■ THE DATA
+++
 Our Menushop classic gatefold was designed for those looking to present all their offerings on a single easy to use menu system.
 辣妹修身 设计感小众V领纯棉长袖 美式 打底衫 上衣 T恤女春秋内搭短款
+++
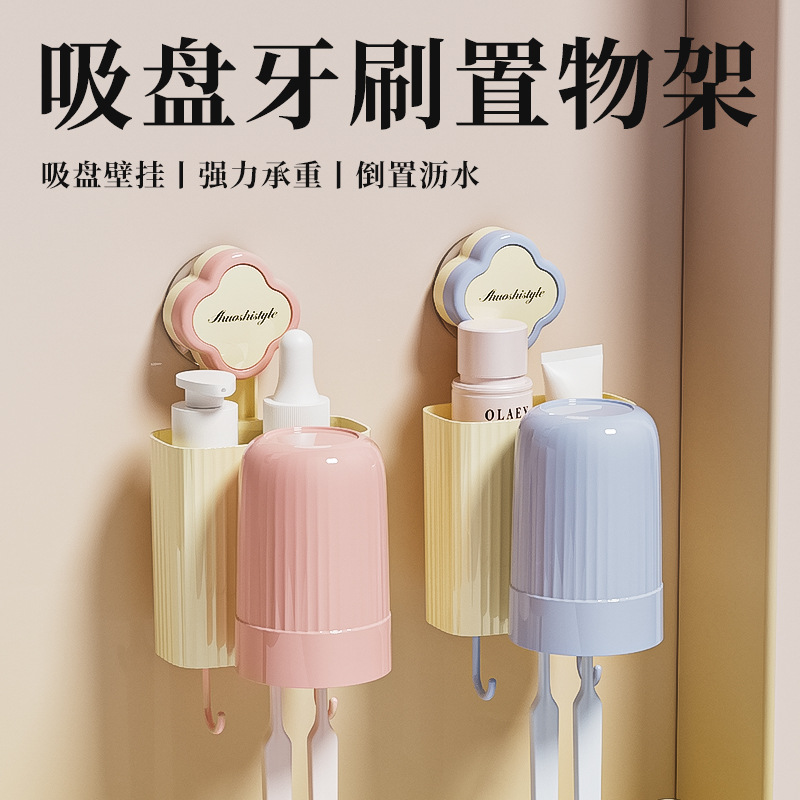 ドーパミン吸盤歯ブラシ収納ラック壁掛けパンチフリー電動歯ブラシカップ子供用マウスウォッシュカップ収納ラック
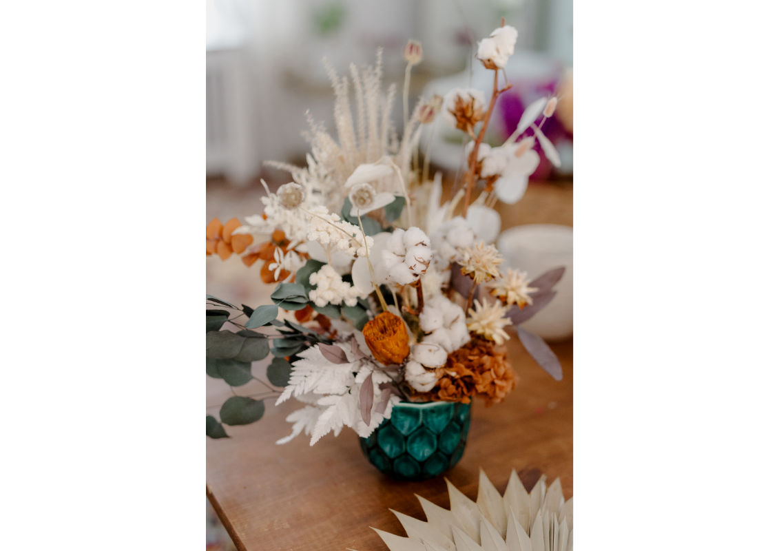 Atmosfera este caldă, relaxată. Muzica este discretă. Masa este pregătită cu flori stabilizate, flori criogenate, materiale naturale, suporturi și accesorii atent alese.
+++
■ EXERCISE AIM
The data above holds the lines to copy: start at the one with "ドーパミン吸盤歯ブラシ収納ラ", stop at the one with "Atmosfera este caldă, relaxată.", include both, copy them exactly without pictures, and copy nothing else.

■ OUTPUT FOR THIS EXERCISE
 ドーパミン吸盤歯ブラシ収納ラック壁掛けパンチフリー電動歯ブラシカップ子供用マウスウォッシュカップ収納ラック
 Atmosfera este caldă, relaxată. Muzica este discretă. Masa este pregătită cu flori stabilizate, flori criogenate, materiale naturale, suporturi și accesorii atent alese.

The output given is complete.